After completing freshman year in a Harvard Yard dormitory, most students go on to upper-class residential houses, which can be found all over Cambridge. These buildings range from traditional Georgian to modern. Visitors should enjoy an autumn stroll by the Charles River to visit a set of these residences affectionately known by students as The River Houses. The dormitories are tucked into bright, leafy scenery with the sparkling river as a backdrop. Interior access is limited to students for privacy and security reasons, but visitors can enjoy the architectural diversity and richness of the buildings’ exteriors and idyllic settings.

3 Primal Scream

This little-known Harvard tradition will surprise visitors. At midnight, on the night before final exams begin each term, Harvard students engage in a 70-year-old tradition that is more than a little unlikely. Students disrobe and run a lap around Harvard Yard while onlookers gather and the university band plays. This is Primal Scream. This tradition serves as a chance for students to let off steam after the long study days known as the reading period and before the start of finals. Initially, students only opened their windows and screamed for ten minutes, but at some point in the 1990s, the au naturale lap came into fashion.

2 The John Harvard Statue -- But Not Really

In the center of Harvard Yard stands a supposed statue of John Harvard, an early benefactor of the university. One of the most photographed statues in the US, visitors often rub their left foot for good luck. However, this regal statue is known within the Harvard community as the “statue of three lies,” and upon close inspection, it’s clear to see why. First, the pedestal mentions that John Harvard was the founder of the university when, in fact, he was a benefactor. Second, it claims the university was founded in 1638, although it was founded two years earlier. Finally, the face of the statue isn’t John Harvard at all. An unknown student was used as the model, and no one was sure of the student’s identity.

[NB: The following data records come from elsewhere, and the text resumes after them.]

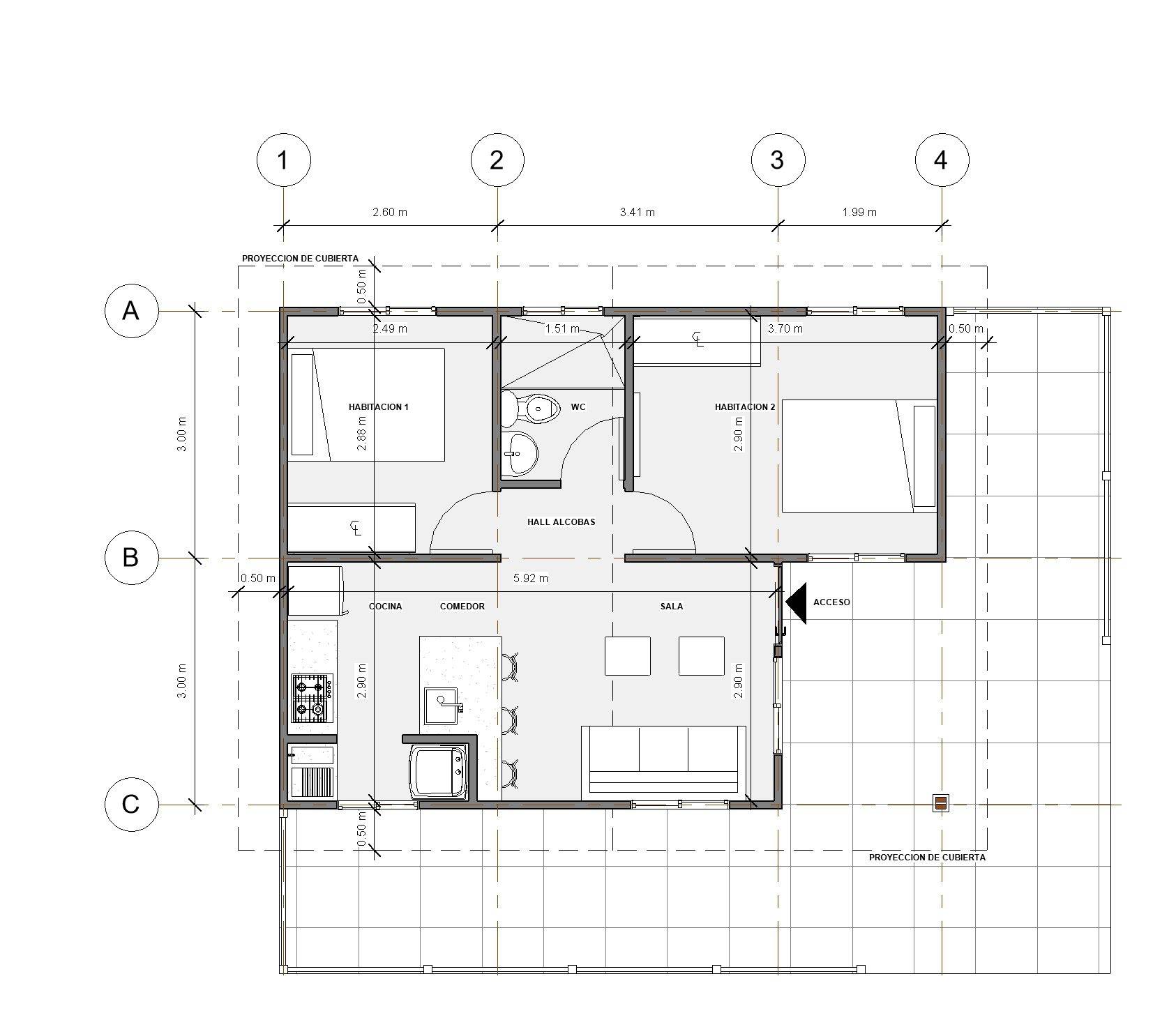 Extraordinaria casa basica tipo Campestre clasico se ajusta a los usos basicos, especial para familia pequeña, recien casada. jubilados o personas mayores. Casa adecuada para sitios semiurbanos .Un lugar donde su impacto en el planeta se minimiza.
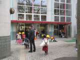 1年1組の教室では、クリスマスカード作りをしていました。飛び出す仕掛けを工夫して...
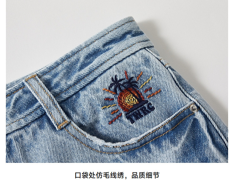 做旧牛仔短裤潮牌宽松情侣复古五分裤街头潮牌直筒裤 723863
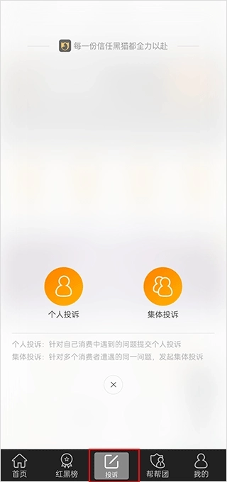 1、首先打开黑猫投诉;
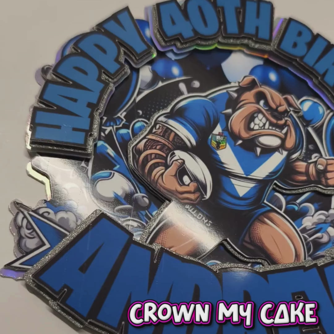 Celebrate your team spirit with this NRL Bulldogs Cake Topper! Each topper is handmade, personalised, and perfect for Canterbury-Bankstown Bulldogs fans who want their cake to show true team pride. Ideal for birthdays, NRL finals parties, or themed events.
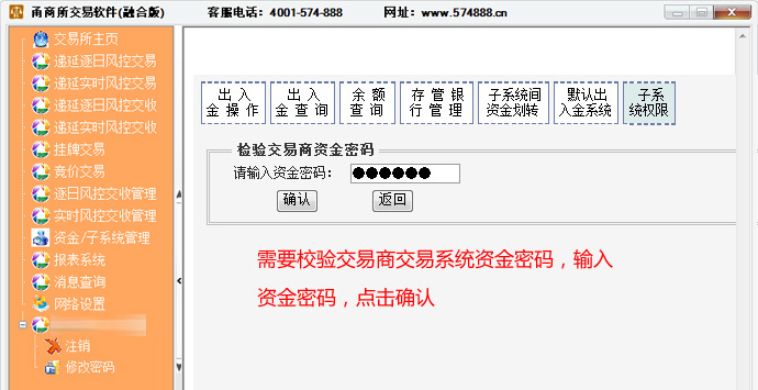 6、校驗交易系統(tǒng)資金密碼,輸入資金密碼,點擊確認。

Related: Ocean Atlas: Take A Snorkeling Tour To See The World's Largest Underwater Statue

1 The Poet And The Food Fight

Visitors to Harvard Yard today will find a peaceful, grassy yard surrounded by brick and wrought iron gates. However, Harvard wasn’t always this peaceful. There is a long history of student rebellions and agitation. Between 1766 and 1834, seven riots demanded change for several grievances. The Rebellion of 1818 was sparked at University Hall, a gleaming white building in the heart of Harvard Yard, by a food fight between the freshman and sophomore classes. Students threw their meals at one another, and the sophomore instigator of the fight was expelled. His fellow students disagreed with the expulsion and demonstrated against the university administration. Eventually, the entire sophomore class was expelled. Some students were allowed to rejoin the university a short while later, including American author Ralph Waldo Emerson. Visitors can see University Hall today, although it no longer serves as a dining hall for students. And that’s probably for the best!